Obviously big favorites with the low-riders and Chicano R&B audience, Randy Ball and The Silvertones have perfected a gritty guitar-driven groove that is certainly a treat to listen to and probably even more fun to dance to. Propelled by Ball on drums (and vocals on four tunes) and a repertoire of strong originals, the two guitarists, Leo De La Vega and Chris Zales, display an uncanny interplay that make one think back to the days of Lockwood and Tucker of even Lawhorn and Madison with the 1960s Muddy Waters Band. Both are exceptional and imaginative and the ability to complement each other with trade-off fills and rhythm work will have guitarists the world over going gaga over this disc. Even on the few covers they tackle they've got a knack for transforming them completely into their own sound. Ball is a fine shuffle drummer who obviously has studied his craft from the West Coast/Texas perspective, and standup bassist Brian Wicker provides solid pulsing bass throughout. This independent release will make you wish they (The Silvertones) were playing right down the street. Easily one of the best independent blues releases of the last year or two, Crusin' is one to seek out. Five bottles for the creme of California blues-a-billy.
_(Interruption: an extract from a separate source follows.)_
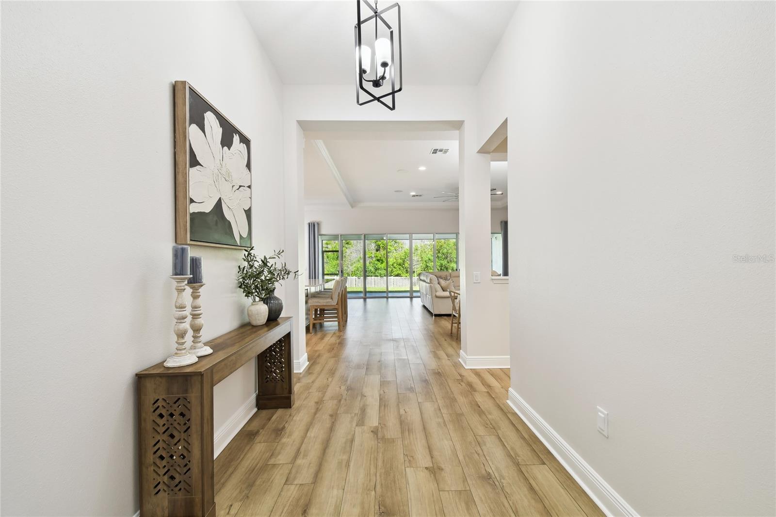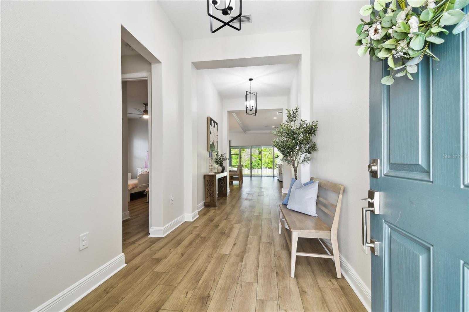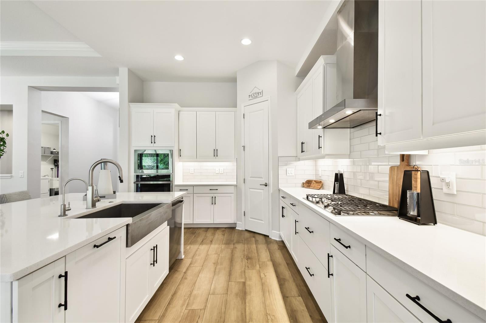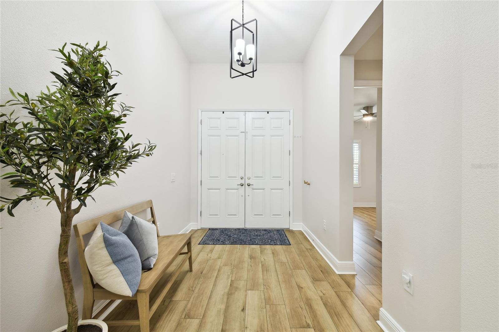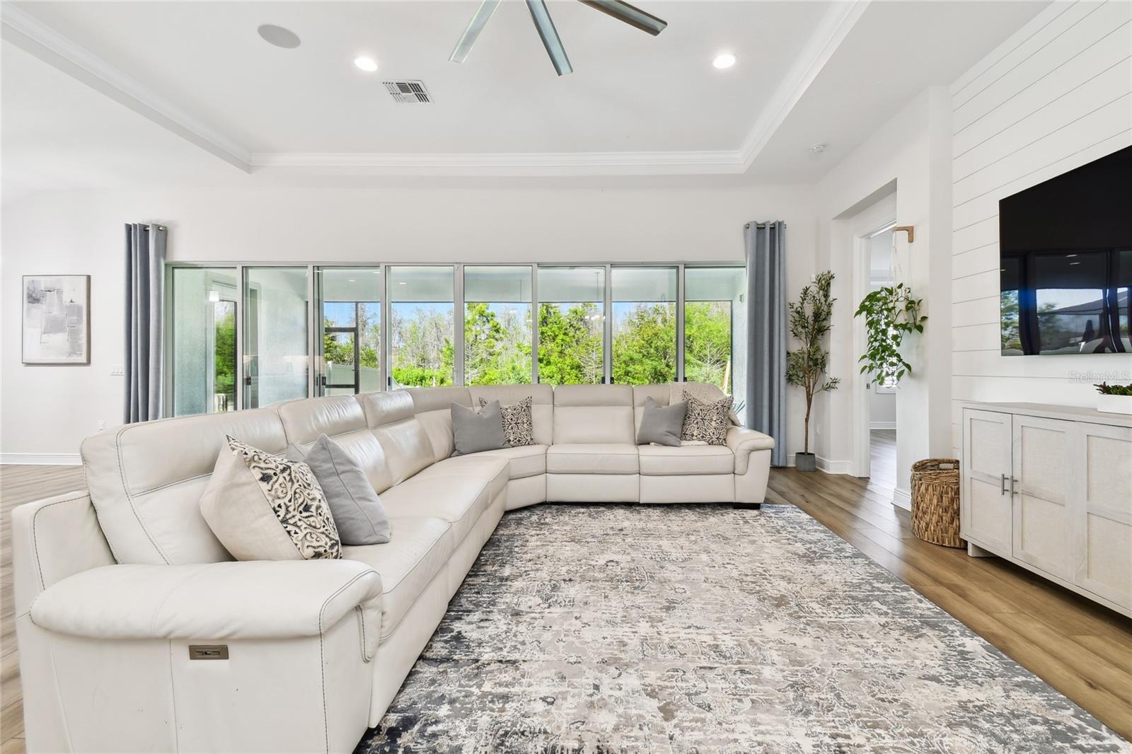 Luxury Living on Oversized Conservation Lot – 5BR/5BA Bayshore II by Homes by West Bay! Experience resort-style living in this stunning 5-bedroom, 5-bathroom Bayshore II, nestled on a rare, oversized .26-acre fully fenced conservation lot in the award-winning Connerton community. This move-in-ready home features 3,283 sq. ft. of meticulously maintained space, an open-concept design, and luxury upgrades throughout. Enjoy easy living with a split-bedroom layout that offers privacy for the owner’s retreat and secondary bedrooms. Step through the 8ft double doors into the wide double foyer into a grand room that seamlessly blends with the deluxe kitchen, casual dining area, and panoramic screened lanai—perfect for entertaining or simply relaxing while enjoying serene nature views. The chef’s kitchen is a showstopper, boasting a massive quartz island with double-sided cabinetry, GE Profile stainless steel appliances, 42” cabinets, subway tile backsplash, farmhouse sink, and a custom walk-in pantry with wood shelving. Tray ceilings, crown molding, luxury vinyl plank flooring, and plantation shutters throughout the main living areas and bedrooms enhance the home’s refined ambiance. The owner’s retreat is tucked away for ultimate privacy and features tray ceilings, crown molding, dual walk-in closets, and a luxurious en-suite bath with quartz countertops, dual vanities, and a spacious walk-in shower. Two secondary bedrooms and a full bath are located off the foyer with upgraded finishes, while a fourth bedroom is privately situated near the laundry room and another full bath. Upstairs, you'll find a versatile bonus room, fifth bedroom, and full bath, perfect for a media room, guest suite, or teen retreat. Step outside to the expansive covered lanai with a panoramic screen enclosure, surround sound system, and full outdoor pool bath—an entertainer’s dream space that’s pre-plumbed for a pool and ready for your custom outdoor oasis. Additional standout features include reclaimed water irrigation, upgraded landscaping, custom light fixtures, a paved driveway, three-car garage, and exceptional curb appeal. Located in the highly desirable Connerton community, this home offers access to world-class amenities including a resort-style pool, splash park, fitness center, clubhouse, sports courts, scenic trails, and year-round resident events. The highly anticipated Pinecrest Academy opens Fall 2025, and a second clubhouse with pool, gym, and six pickleball courts is currently under construction. This is more than just a home—it’s a lifestyle. Don’t miss your opportunity to own one of the most impressive conservation homesites in Connerton.

Brian WickerChad Huffman, Entertainment Chronicle - Denton

This week's winner for best new release is by local blues outfit The Silvertones. Crusin', the group's debut, honestly took me by surprise. For the past year and half I've assumed The Silvertones were some silly blues cover band that plays every so often at Leon's Place. But, we all know what happens when you assume. The shiny new disc hops in and out of the various styles of blues music, sometimes swinging hard, other times riding the well-known back -and-forth "blues riff" and other times taking moments to jam on of the many blues scales. All in all, Crusin' is a pretty smoking disc from this Denton-based four piece. The vocals seemed to be mixed a little high, but maybe that's me cranking it up too loud. Whatever the case, Crusin' is a cool CD and I won't be so quick to judge bands by the venues they regular.
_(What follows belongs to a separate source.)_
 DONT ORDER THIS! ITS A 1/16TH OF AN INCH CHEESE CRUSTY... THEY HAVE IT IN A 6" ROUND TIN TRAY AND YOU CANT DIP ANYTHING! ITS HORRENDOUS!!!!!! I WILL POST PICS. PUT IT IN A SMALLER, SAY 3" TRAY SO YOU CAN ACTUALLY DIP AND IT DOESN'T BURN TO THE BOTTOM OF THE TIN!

Kathleen Ludlow - San Antonio Blues Society

You have to wonder about a band with a return address that reads, "The Colony," Texas. Being a relative newcomer to Texas this is an anomaly that I had not yet encountered. If the Colony has any more bands like The Silvertones it may just be a cool place to hang out. In Cruisin', these fellows play a varity of original and cover music that runs through an interesting range of musical styles. To give you an idea of what they do with the cover material, let's just say that the only cover I was able to recognize immediately was Jimmy Reed's "Big Boss Man," and that was only after reading the list of song titles. Personally I prefer originals to cover music. But The Silvertones don't just rehash the same old songs. They have taken covers, added their own style and made them sound similar yet very different from the original versions. The CD includes several original tunes that run the range from blues swing to a sound similar to that of Roomful of Blues. The players are Randy Ball on drums and vocals, Bryan Wicker on bass, Leo De La Vega on guitar and Chris Zales on guitar and vocals. Songwriting honors go to Randy Ball, with an honorable mention to Chris Zales for penning track number two, "I Don't Care." Ball wrote the three other original tunes on this disc which are "Cruisin'" on track six, "On Down the Road" on track seven, and "Treat Me This Way" on track nine. The Silvertones have really only played together for the past year or so. The original band was Killer Kyle and The Silvertones, but time and personnel changes honed things down to these four players at the time of the release of this CD. Now, as of the writing of this article, guitarist Chris Zales has moved on and newcomer Mark Scott will be filling the guitar slot. This is one of those CDs that I like to put in a changer, set it on shuffle and let it roll all night long! I do hope that this band can hang together to make at least another CD or two in the near future. I'd like to see/hear an all original playlist from them sometime soon.